リポジトリはこちら(使い方・設定など): acomo-mcp-server(GitHub)

この記事では、今回の MCP サーバーを実装・公開する中で得た知見を紹介します。

2. acomoとは

acomo は、申請・承認などの社内業務フロー(稟議・経費申請・人事手続きなど)を API で扱えるヘッドレス型のワークフロー SaaS です。
バックエンドのワークフロー基盤は acomo が担い API を公開するため、フロントエンドは開発者が好きなフレームワークで UI/UX を自由に設計できる思想です。
API 仕様は OpenAPI 仕様として公開し、 信頼できる唯一の情報源 (SSOT: single source of truth) にしています。

公式サイトはこちら(サービス概要・機能紹介・ドキュメントなど): acomo 公式サイト

3. AIコーディングアシスタントとMCP

最近、AI をアシスタントにコードを書く開発が一般化してきました。Cursor や Claude Code のような「AI コーディングアシスタント」を使うスタイルです。
その中でも、ざっくりした意図や方向性を自然言語で伝え、アシスタントがコード生成→実行→修正を対話的に回すスタイルは Vibe Coding と呼ばれます。
acomo の開発チームでも、日頃から AI コーディングアシスタントを積極的に活用しています。

3.1 MCPの役割

このスタイルを下支えする基盤が MCP(Model Context Protocol)です。
生成 AI が外部データや API/ツールに安全にアクセスするための共通インターフェースです。
クライアント(例: AI コーディングアシスタント)とサーバーが連携し、サーバー側は次の 3 要素を公開します。

  • ツール(Tools): 外部システムとの相互作用を可能にする機能です。

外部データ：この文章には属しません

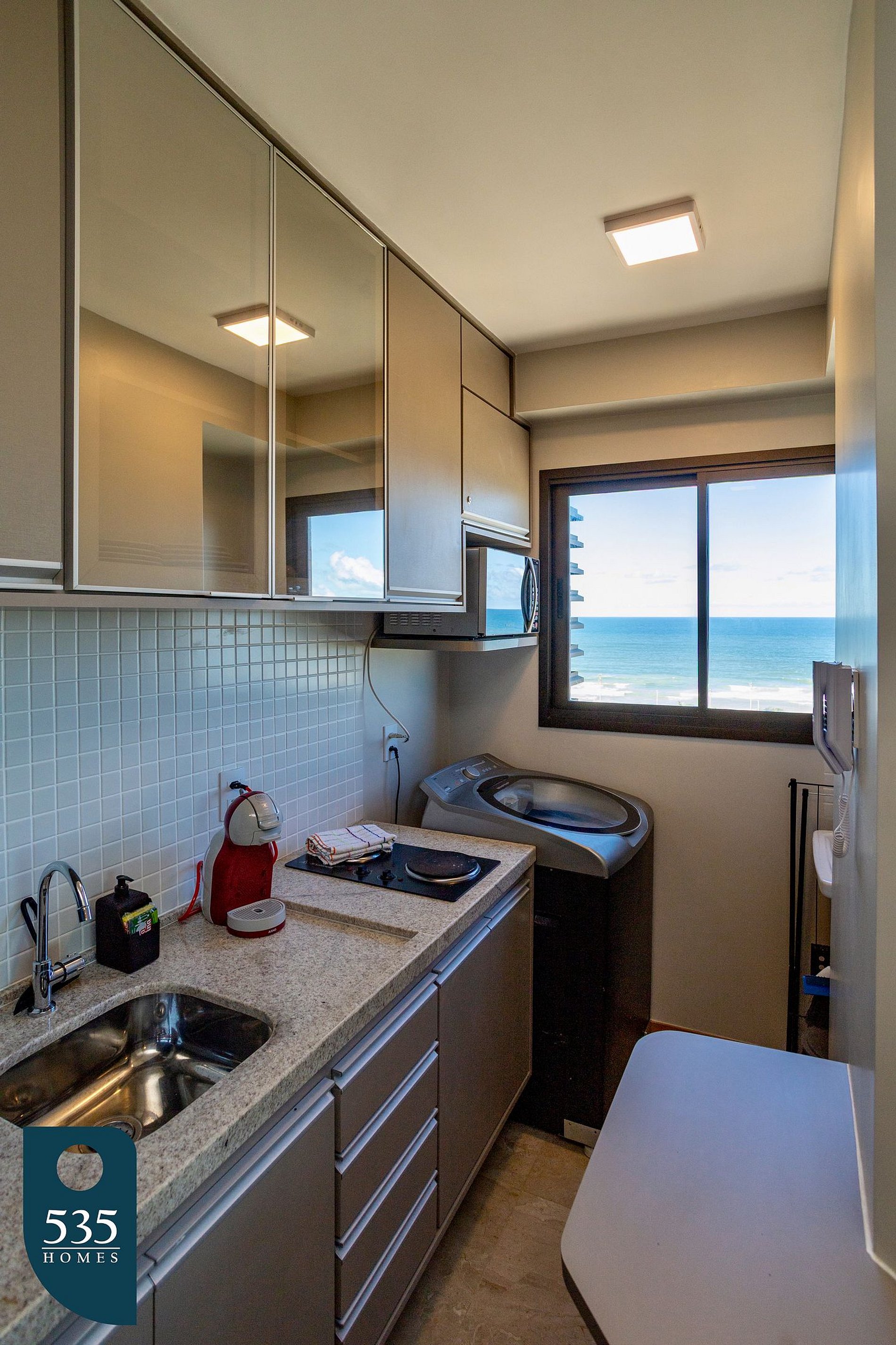 A cozinha conta com geladeira, micro-ondas, liquidificador, sanduicheira, cooktop elétrico de duas bocas, cafeteira elétrica e máquina de café em cápsulas. Está totalmente equipada com pratos fundos, rasos e de sobremesa, xícaras com pires, taças de água e vinho, talheres, utensílios diversos, kit facas: carne, pão e legumes, panelas com tampa de vidro, frigideira, leiteira, peneira, bowls, escorredor de macarrão, jarra de suco, galheteiro, jogo americano, tábua de corte, descanso de panela, tesoura multiuso, abridor de vinho, abridor de lata, escorredor de pratos, rodinho de pia e dispenser para detergente. A bancada conta com quatro cadeiras, ideal para refeições rápidas.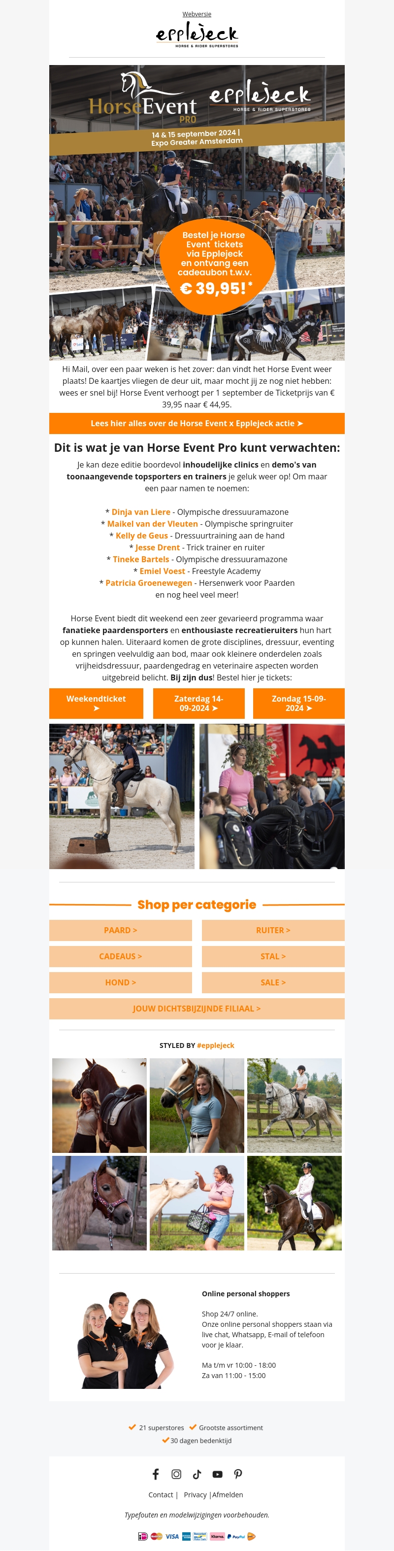 Het Horse Event komt eraan op 14 en 15 september 2024 in Expo Greater Amsterdam. Koop je tickets via Epplejeck en ontvang een cadeaubon ter waarde van β¬39,95. Het evenement biedt clinics en demo's van toptrainers, ideaal voor fanatieke paardenliefhebbers en recreatieruiters. Mis het niet!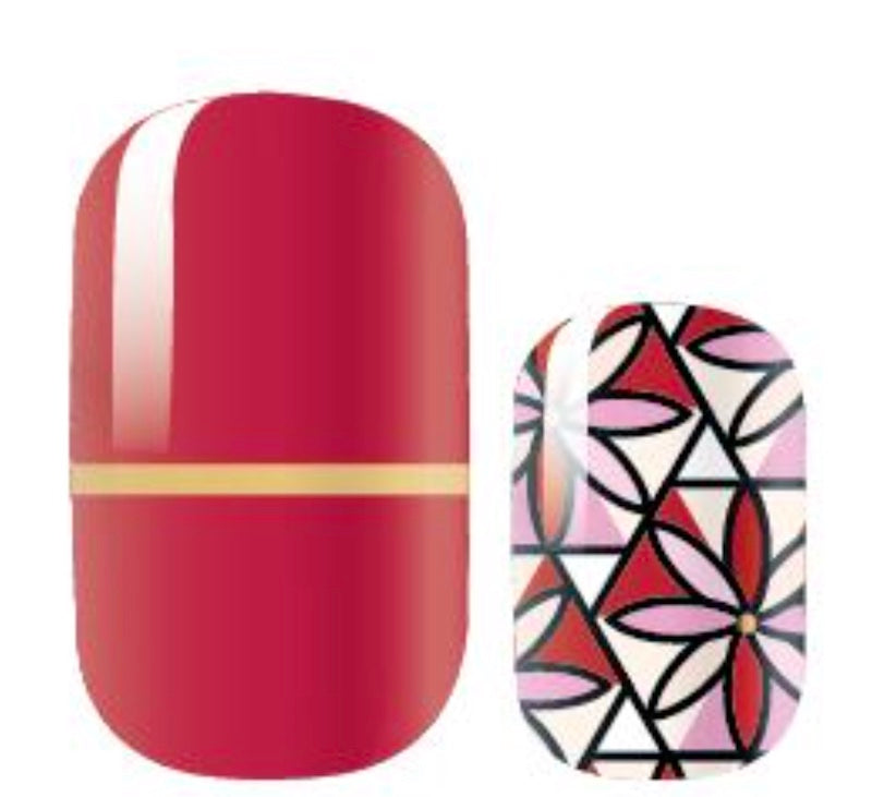 >Mix of solid pink, red w gold stripe and bold floral stained glass pattern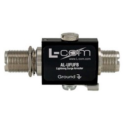 Lightning Protector Model AL-UFUFB-6 is a gas discharge tube suppressor featuring wide-band operation up to 3 GHz. This unit features a UHF-Female (Type SO239) to UHF-Female (Type SO239) Bulkhead connector with a rubber O-ring seal for mounting through an enclosure wall.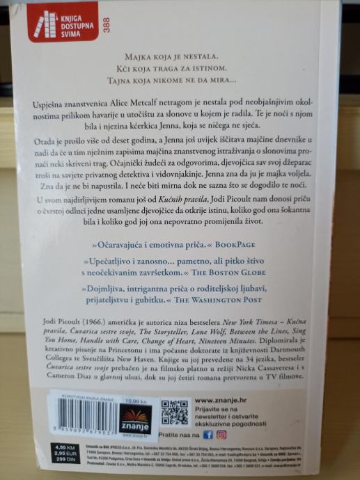 Majka koja je nestala. Kći koja traga za istinom. Tajna koja nikome ne da mira… Uspješna znanstvenica Alice Metcalf netragom je nestala pod neobjašnjivim okolnostima prilikom havarije u utočištu za slonove u kojem je radila. Te je noći s njom bila i njezina kćerkica Jenna, koja se ničega ne sjeća. Otada je prošlo više od deset godina, a Jenna još uvijek iščitava majčine dnevnike u nadi da će u tim nježnim zapisima majčinog znanstvenog istraživanja o slonovima pronaći neki skriveni trag. Očajnički žudeći za odgovorima, djevojčica sav svoj džeparac troši na savjete privatnog detektiva i vidovnjakinje. Jenna zna da ju je majka voljela. Zna da je ne bi napustila. I neće biti mirna dok ne sazna što se dogodilo te noći. U romanu Vrijeme rastanka Jodi Picoult nam donosi dirljivu priču o čvrstoj odluci jedne usamljene djevojčice da otkrije istinu, koliko god ona šokantna bila i koliko god joj ona nepovratno promijenila život.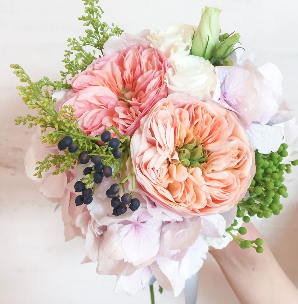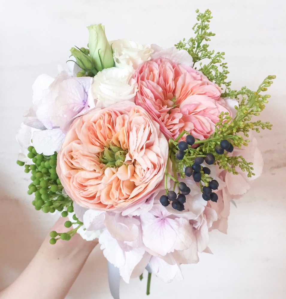 The very feminine side of us! Pink hydrangea with vuvuzela roses get along so well and this bouquet looks so girly girl but definitely not a boring type of girl! :) This actually is a small bouquet, it of course could be custom-made into a bigger size on request.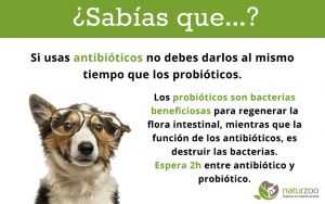 Si usas antibióticos no debes darlos al mismo tiempo que los probióticos. Los probióticos son bacterias beneficiosas para regenerar la flora intestinal, mientras que la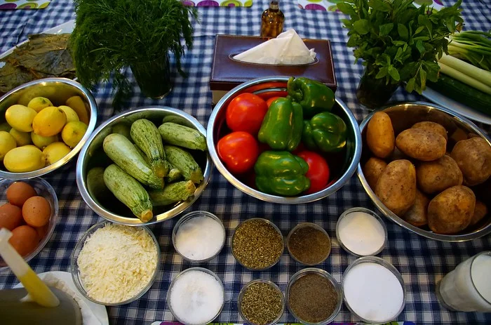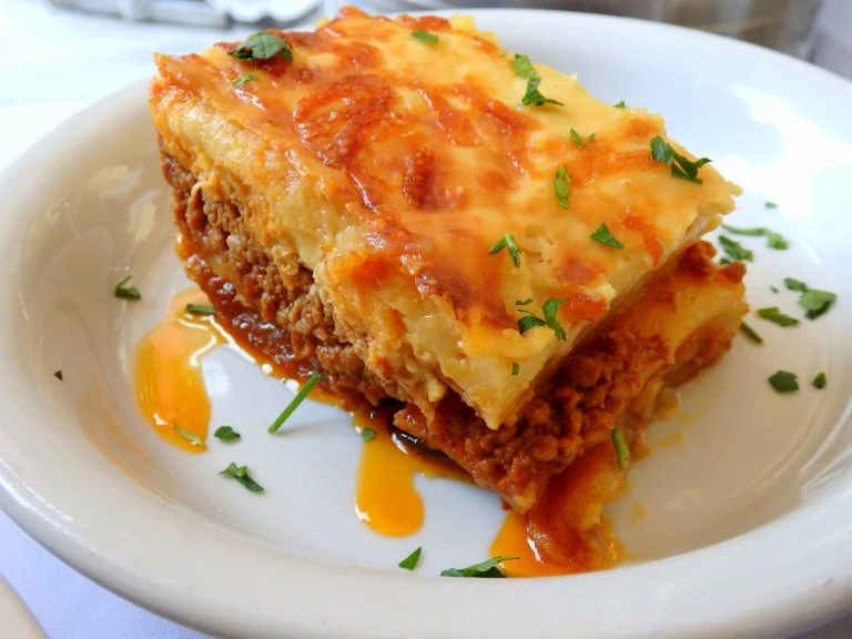 Moussaka, common throughout the Mediterranean region, is a layered dish consisting of béchamel sauce, minced meat, potatoes and eggplant.

API 呼び出し、ファイルシステム操作、データベースアクセスなど、AI モデルが直接実行できない外部操作を代理実行する役割を果たします。
  • リソース(Resources): URI ベースでコンテンツを提供し、ドキュメント、仕様書、ガイドラインなどの静的な参照情報をモデルのコンテキストに組み込む仕組みとして機能します。
  • プロンプト(Prompts): テンプレート化された会話の開始点として、複数のリソースやツールを組み合わせ、引数を受け取って一貫した手順を実行するための仕組みです。

3.2 acomo MCP Serverの位置づけと狙い

図の上段は、AI コーディングアシスタント登場以前の従来の開発プロセスを示しています。
acomo は API ベースで OpenAPI 仕様を公開しているものの、開発者は仕様を読み解き、正しく理解したうえで自分のアプリに組み込む必要がありました。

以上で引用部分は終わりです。